Since the GC allocates in blocks of 16 bytes or more allocating a single byte will actually allocate 16 so it doesn't hurt space-wise to ask for 2. Other functions probably don't know they'll always fit in one block. Note different GCs might not behave that way.


August 01, 2005
In article <dclc4k$2qgv$1@digitaldaemon.com>, Ben Hinkle says...
>
>
>"Stefan" <Stefan_member@pathlink.com> wrote in message news:dcl59f$2jhr$1@digitaldaemon.com...
>> In article <gu39ywiarmwp.1vayamiha3tm3.dlg@40tude.net>, Derek Parnell says...
>>>
>>>On Mon, 1 Aug 2005 09:24:23 +0000 (UTC), Stefan wrote:
>>>
>>>> I recently noticed that char[] std.string.toString(char) in
>>>> Phobos (DMD 0.127) is implemented this way:
>>>>
>>>> # char[] toString(char c)
>>>> # {
>>>> #   char[] result = new char[2];
>>>> #   result[0] = c;
>>>> #   result[1] = 0;
>>>> #   return result[0 .. 1];
>>>> # }
>>>>
>>>>
>>>> Why is it not simply
>>>>
>>>> # char[] toString(char c)
>>>> # {
>>>> #  char[] result = new char[1];
>>>> #  result[0] = c;
>>>> #  return result;
>>>> # }
>>>>
>>>>
>>>> Can anyone shed a light on this?
>>>
>>>I believe its because Walter is trying to be 'C' friendly. The returned 'string' must have a length of 1, because it only holds one char, but it must own a 2-byte memory allocation because the byte after the string must be zero for potential C usage.
>>
>>
>> Hhm, I initially thought the same. But as I understand it, there are a
>> lot of toString() routines in there that don't zero-terminate (e.g. char[]
>> toString(uint u)). So, I thought I must have missed something?
>
>Since the GC allocates in blocks of 16 bytes or more allocating a single byte will actually allocate 16 so it doesn't hurt space-wise to ask for 2. Other functions probably don't know they'll always fit in one block. Note different GCs might not behave that way.

Yes, that might explain it. Thanks a lot.

Best regards,
Stefan


August 01, 2005
Derek Parnell wrote:
> I believe its because Walter is trying to be 'C' friendly. The returned
> 'string' must have a length of 1, because it only holds one char, but it
> must own a 2-byte memory allocation because the byte after the string must
> be zero for potential C usage.

Nearly correct.  toString() is not required to return something that has the "hidden" zero trailing it, but it's useful when it does.  Look at the implementation of toStringz() (convert to zero-terminated string). That will look at the trailing character and see if it just happens to be 0; if so, then it can convert the string without any copying.

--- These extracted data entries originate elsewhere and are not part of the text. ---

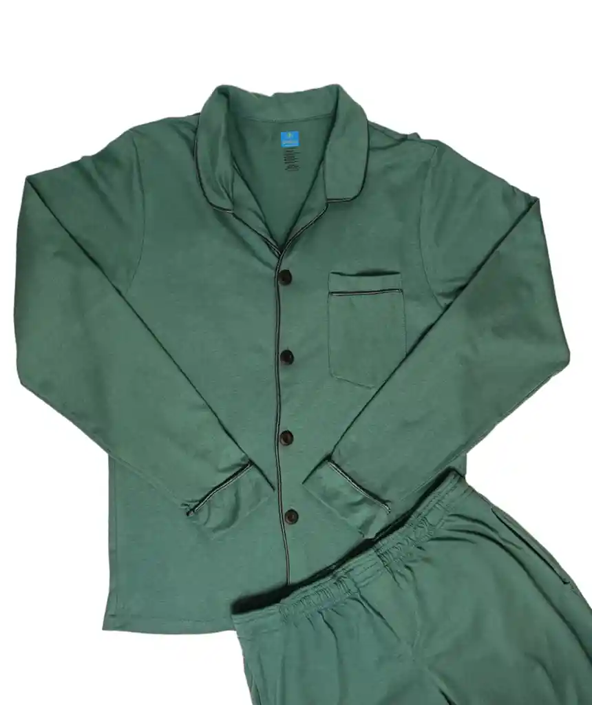 Pijama 100% en algodón, camiseta con botones, manga larga, pantalón con cordón ajustable, bolsillos laterales su material se adapta a la temperatura del cuerpo lo cual la hace ideal para clima cálido o frío.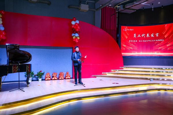 Professor Xu Xuesong, Director of Research and External Relations Department at the Xiangjiang Laboratory, spoke as a representative of the staff. He recalled that as a member who has experienced the Xiangjiang Laboratory firsthand, he witnessed the brilliant entrepreneurial journey of the laboratory from "0 to 1". From responding to the national call for high-level self-reliance and self-improvement in science and technology, to the grand launch of the Xiangjiang Laboratory, and then to the operationalization and forward-looking layout leading to the transformation and application of a series of major scientific research achievements, the Xiangjiang Laboratory has seen its circle of friends continuously expand from government leaders and industrial allies to partners in innovative research institutes. The high-level platform of the Xiangjiang Laboratory is gaining widespread recognition! He stated that in the coming year, "the direction is clear, the goals are set, and the key lies in comprehensive implementation!" All members of the Xiangjiang Laboratory will continue to be dedicated "iron nails" at their posts, responsible "iron shoulders" in their duties, and determined "iron fists" in carrying out orders. They will anchor themselves like a green mountain, roll up their sleeves and work hard, and accelerate the drawing of a splendid blueprint to build the national strategic scientific and technological strength.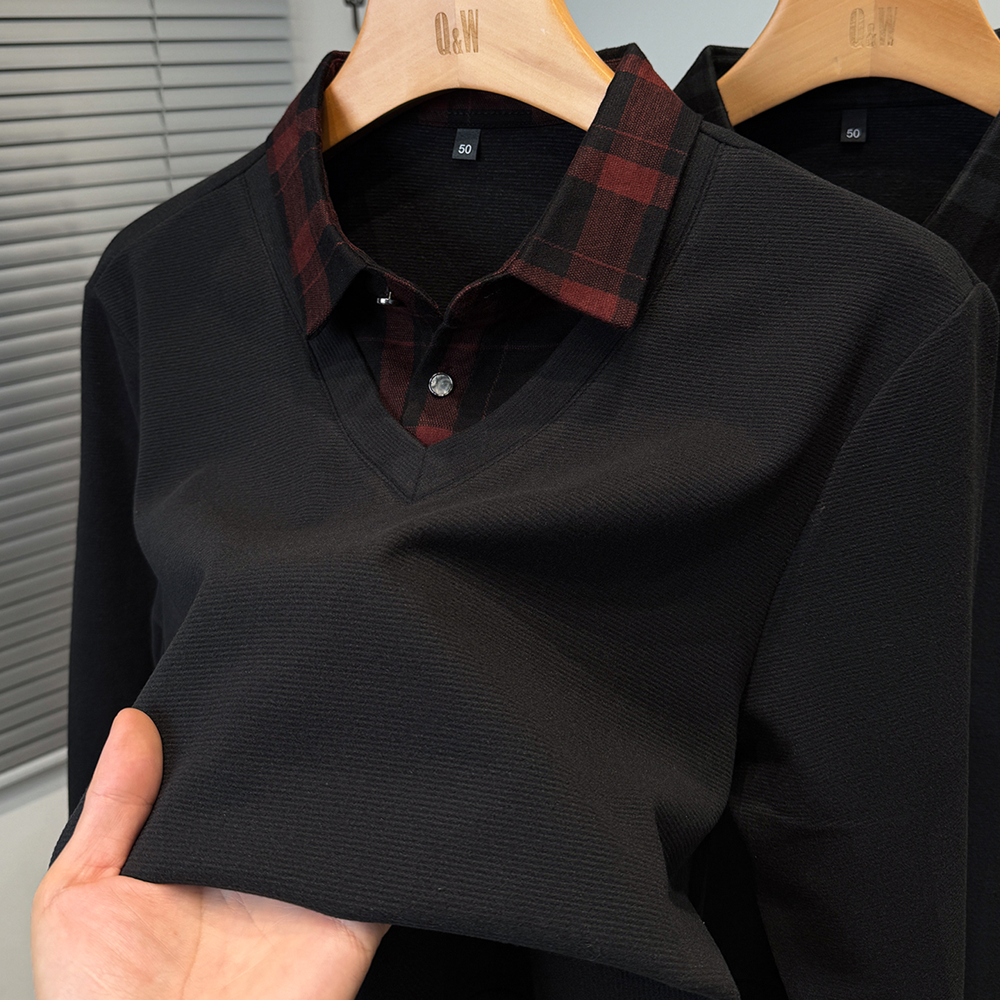 商务休闲中年爸爸装 秋冬季 假两件上衣服 领t恤男长袖 加厚磨毛衬衫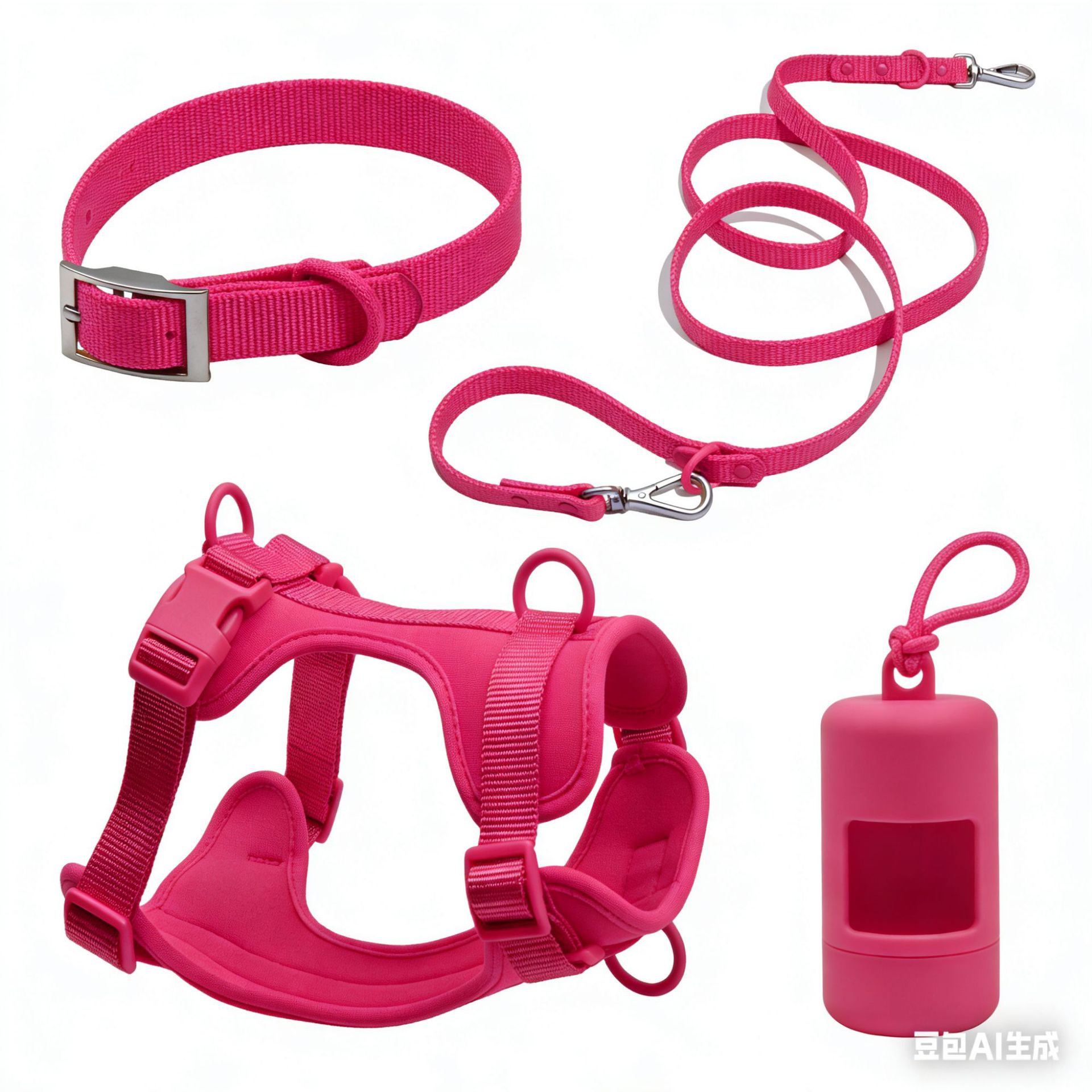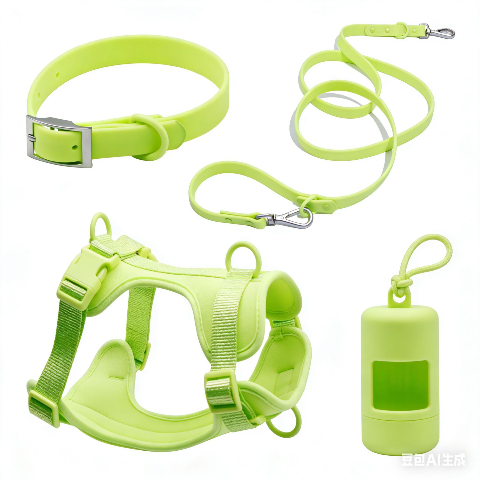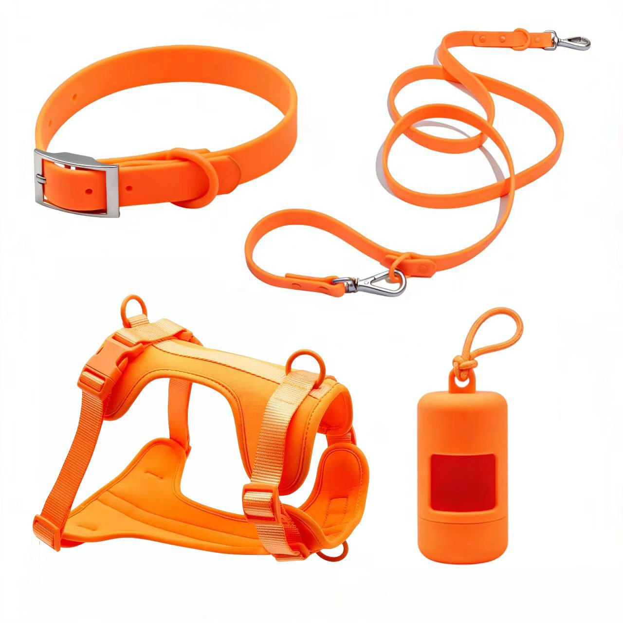 신제품 애완동물 용품 4종 세트, 물림 방지 방수 강아지 하네스, 소형견용 PVC 산책줄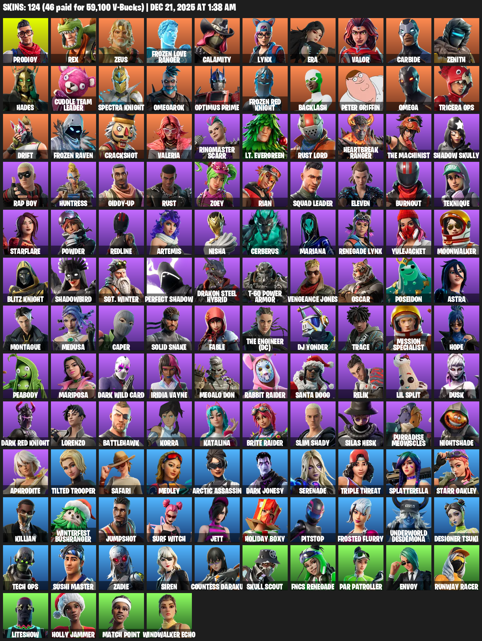 Omega, Prodigy, Rex, Zeus, Frozen Love Ranger, Calamity, Lynx, Era, Valor, Carbide, Zenith, Hades, Cuddle Team Leader, Spectra Knight, Omegarok, Optimus Prime, Backlash, Peter Griffin, Tricera Ops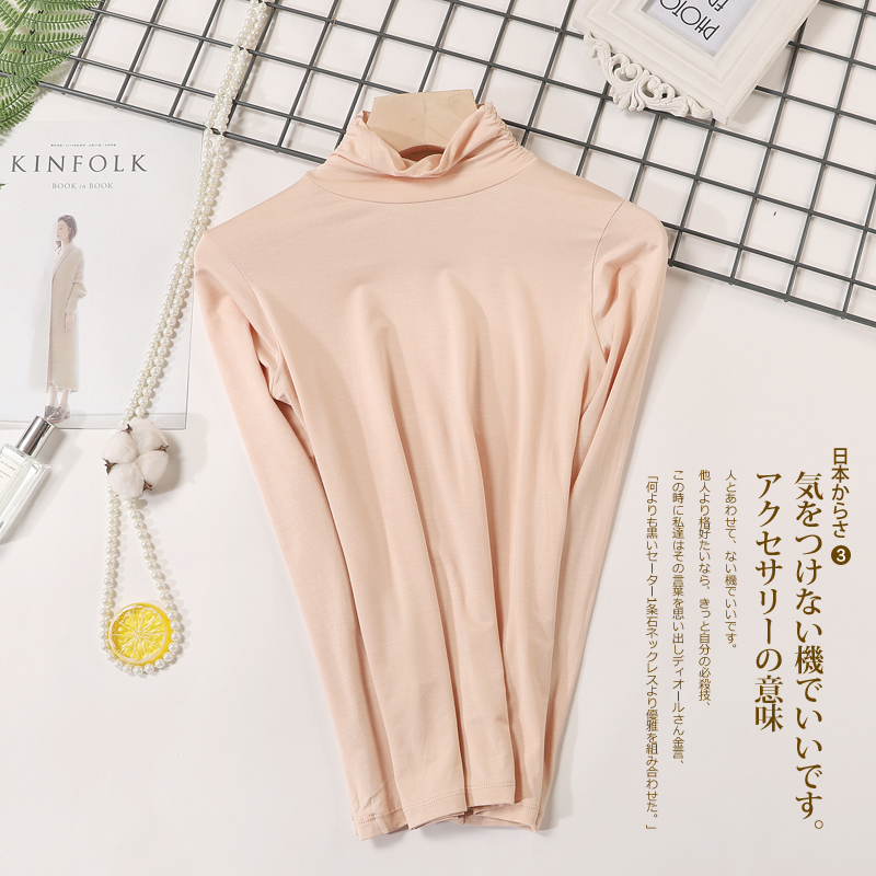 Modal half turtleneck bottoming shirt long-sleeved women's autumn and winter thin section tight-fitting large size women's black T-shirt top

Ofc, that implementation of toStringz() is controversial, and when you're talking about a string of length 1, the cost of copying is very small.  But I suppose that even that small of a copy might kick off a GC sweep, so it's probably not a bad idea that it works the way it does.
August 01, 2005
In article <dcldo3$2s6r$1@digitaldaemon.com>, Russ Lewis says...
>
>Derek Parnell wrote:
>> I believe its because Walter is trying to be 'C' friendly. The returned 'string' must have a length of 1, because it only holds one char, but it must own a 2-byte memory allocation because the byte after the string must be zero for potential C usage.
>
>Nearly correct.  toString() is not required to return something that has the "hidden" zero trailing it, but it's useful when it does.  Look at the implementation of toStringz() (convert to zero-terminated string). That will look at the trailing character and see if it just happens to be 0; if so, then it can convert the string without any copying.

In my Phobos source (DMD 0.127) that code is commented out.
The impl is essentially:

# char* toStringz(char[] string)
# {
#   char[] copy;
#   if (string.length == 0)
#     return "";
#
#   // Need to make a copy
#   copy = new char[string.length + 1];
#   copy[0..string.length] = string;
#   copy[string.length] = 0;
#   return copy;
# }

Or are we talking about different things here?

Best regards,
Stefan


>Ofc, that implementation of toStringz() is controversial, and when you're talking about a string of length 1, the cost of copying is very small.  But I suppose that even that small of a copy might kick off a GC sweep, so it's probably not a bad idea that it works the way it does.


August 01, 2005
Stefan wrote:
> In article <dcldo3$2s6r$1@digitaldaemon.com>, Russ Lewis says...
> 
>>Derek Parnell wrote:
>>
>>>I believe its because Walter is trying to be 'C' friendly. The returned
>>>'string' must have a length of 1, because it only holds one char, but it
>>>must own a 2-byte memory allocation because the byte after the string must
>>>be zero for potential C usage.
>>
>>Nearly correct.  toString() is not required to return something that has the "hidden" zero trailing it, but it's useful when it does.  Look at the implementation of toStringz() (convert to zero-terminated string). That will look at the trailing character and see if it just happens to be 0; if so, then it can convert the string without any copying.
> 
> 
> In my Phobos source (DMD 0.127) that code is commented out.

It appears you are right; I guess I missed the change.  Looks to me like it was commented out in version 0.113.  My thought is that, then, the implementation of toString(char) can be simplified.  At least, I don't perceive any reason not to...